The Lying Life of Adults
- Cover of first edition (Italy)
- Author: Elena Ferrante
- Audio read by: Anna Bonaiuto
- Original title: La vita bugiarda degli adulti
- Translator: Ann Goldstein
- Language: Italian
- Set in: Naples
- Publisher: Edizioni e/o
- Publication date: 7 November 2019
- Publication place: Italy
- Published in English: 1 September 2020
- Media type: Print (paperback)
- Pages: 336
- ISBN: 9788833571683
- OCLC: 1128092847

= The Lying Life of Adults =

2019 novel by Elena Ferrante

The Lying Life of Adults (La vita bugiarda degli adulti) is a 2019 novel by Elena Ferrante. It was adapted into a television series of the same name by Edoardo De Angelis in 2023.

==Synopsis==
In Naples in the early 1990s, twelve-year-old Giovanna Trada overhears her father, Andrea, disparagingly liken her appearance to that of his estranged sister Vittoria. This sends Giovanna on a search for Vittoria across Naples to discover the nature of the family's fallout.

==Publication==
The novel was first published in Italy in November 2019 by Edizioni e/o, published as part of their Dal Mondo series. An English translation by Ann Goldstein was scheduled to be published by Europa Editions on 9 June 2020, but was postponed to 1 September 2020 due to the COVID-19 pandemic. The English translation debuted at number two on The New York Times fiction best-seller list.

==Reception==
In its starred review, Kirkus Reviews praised Goldstein's "fluid" translation and wrote, "Giovanna's nascent sexuality is more frankly explored than that of previous Ferrante protagonists".
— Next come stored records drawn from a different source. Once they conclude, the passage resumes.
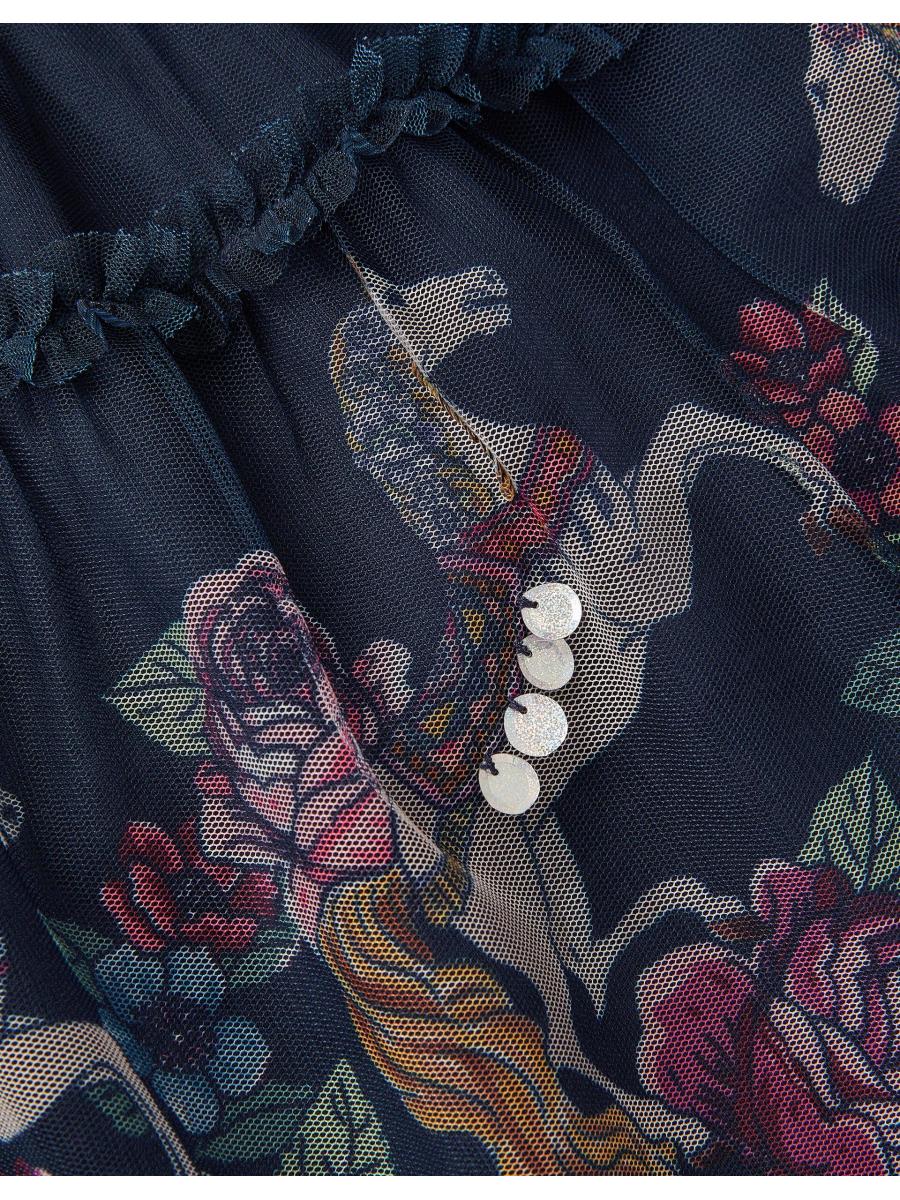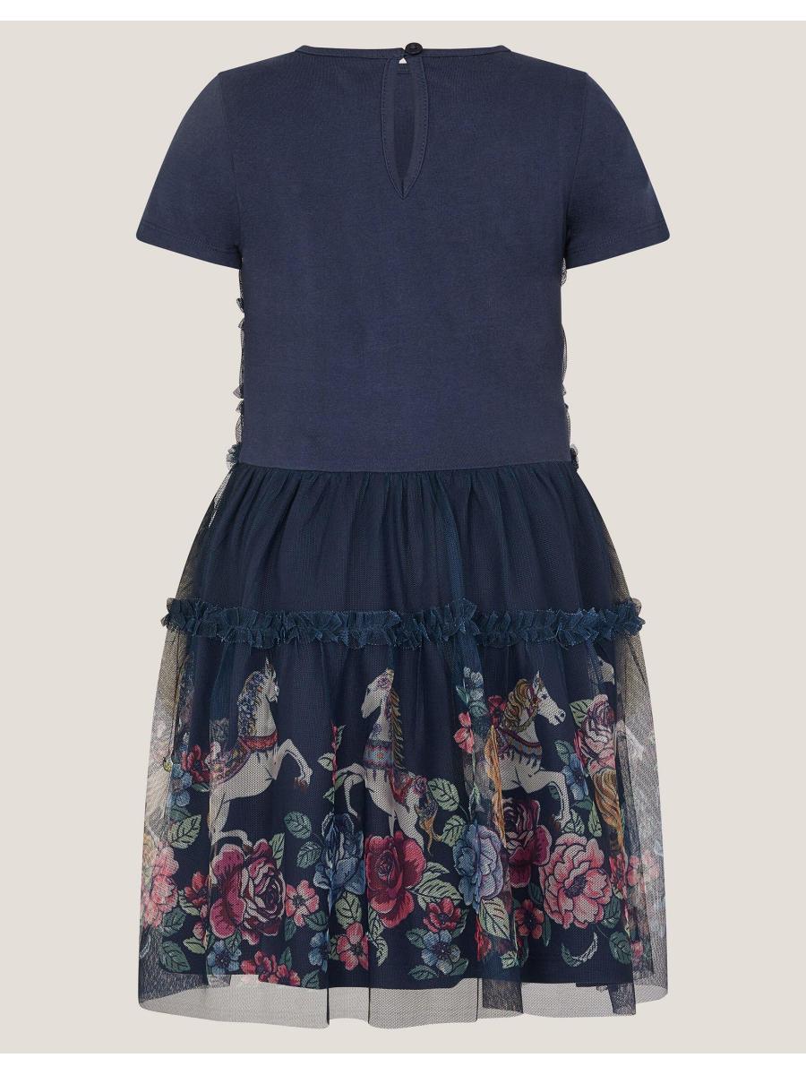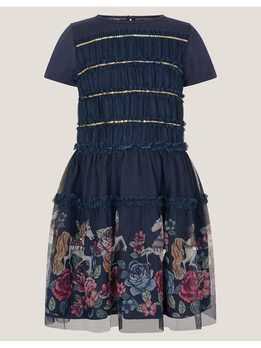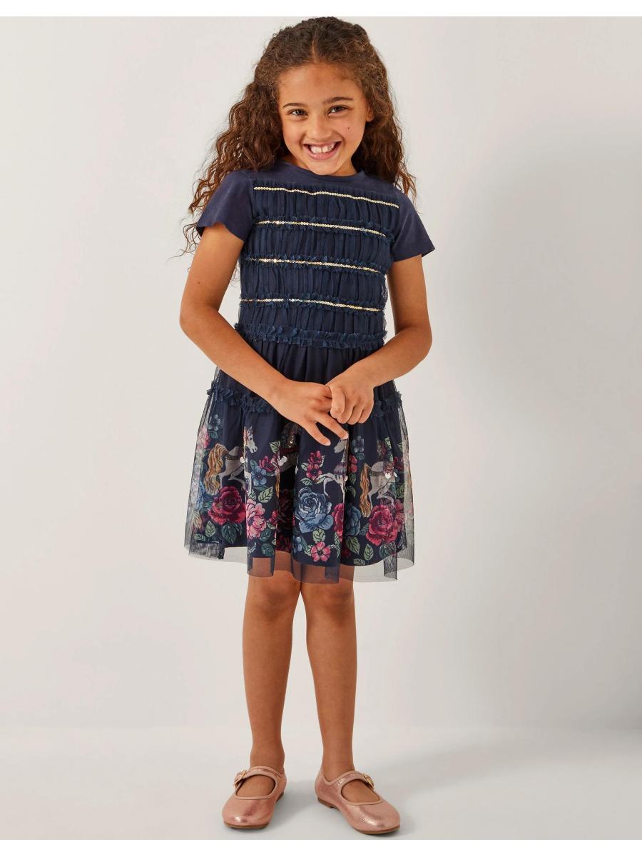 Everyday magic. Made from soft jersey fabric, this dress is a dazzling addition to their weekend looks. Decorated with a frilly sequin bodice and a border of unicorns and flowers at the mesh layered hem. Blue
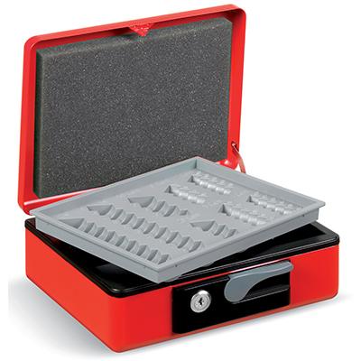 Cassette portavalori realizzate internamente in acciaio pressofuso senza saldature. La verniciatura a polvere ne garantisce durata e inalterabilità. Innovativo e brevettato meccanismo di apertura automatica. Serratura a cilindro con due chiavi. Vassoio interno portamonete e spugna fermamonete. Dimensioni mm. 230x185x80. Colore verde.
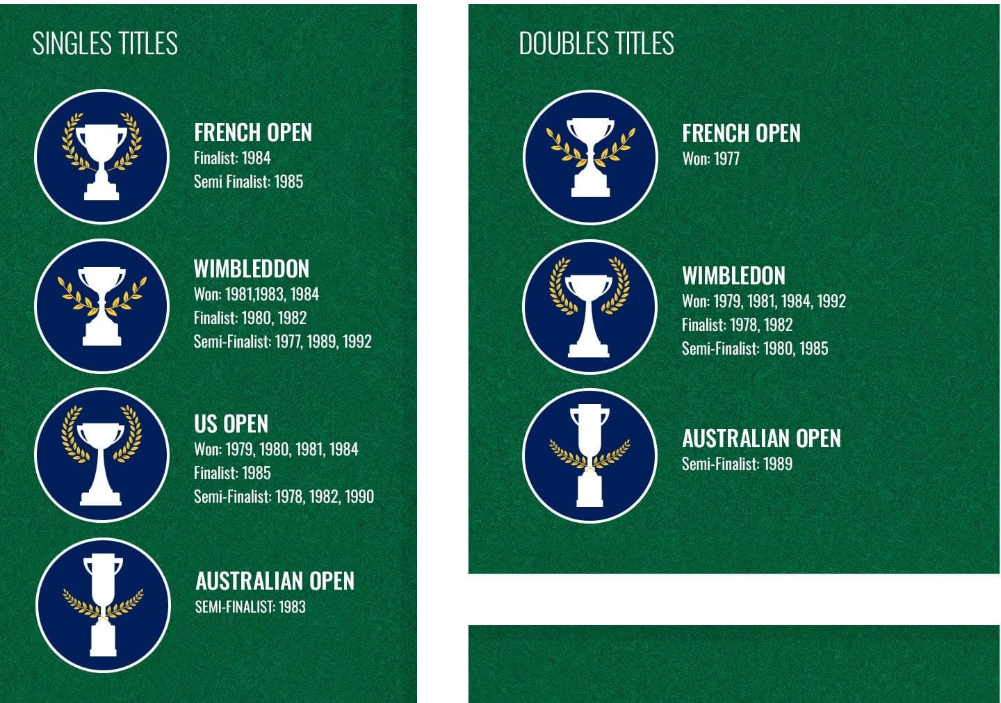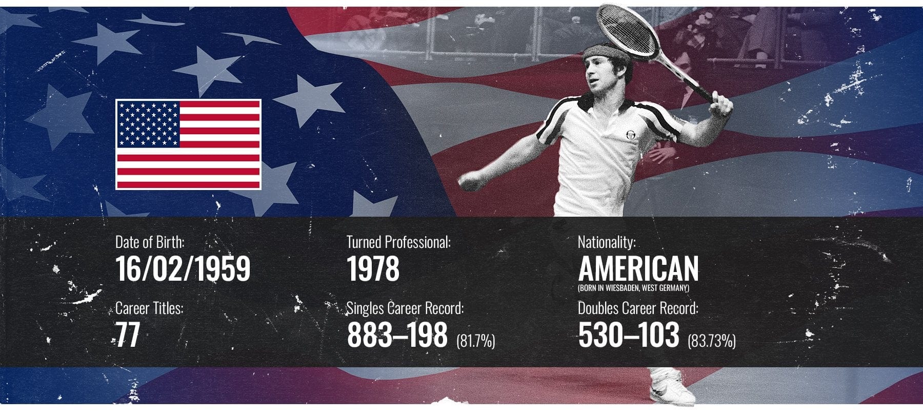 1978 saw him turn pro, and such was his evident talent that he finished 4th in the end-of-year player rankings and signed his first professional endorsement with Sergio Tacchini. 1979 was the start of his winning streak and an Open Era record with 10 Singles and 17 Doubles titles (including Wimbledon Doubles and US Open Singles titles), seeing him finish 3rd in the world rankings.

Publishers Weekly called Giovanna a "winning character" but nonetheless wrote that the novel "feels minor in comparison to Ferrante's previous work".

A review by Parul Sehgal in The New York Times stated that the book "evokes for me all the ordinary, warring paradoxes of intimate life."

==Television adaptation==

In May 2020, Netflix announced it would be adapting The Lying Life of Adults into a television series of the same name in collaboration with Italy's Fandango production company. The series was released by Netflix in January 2023.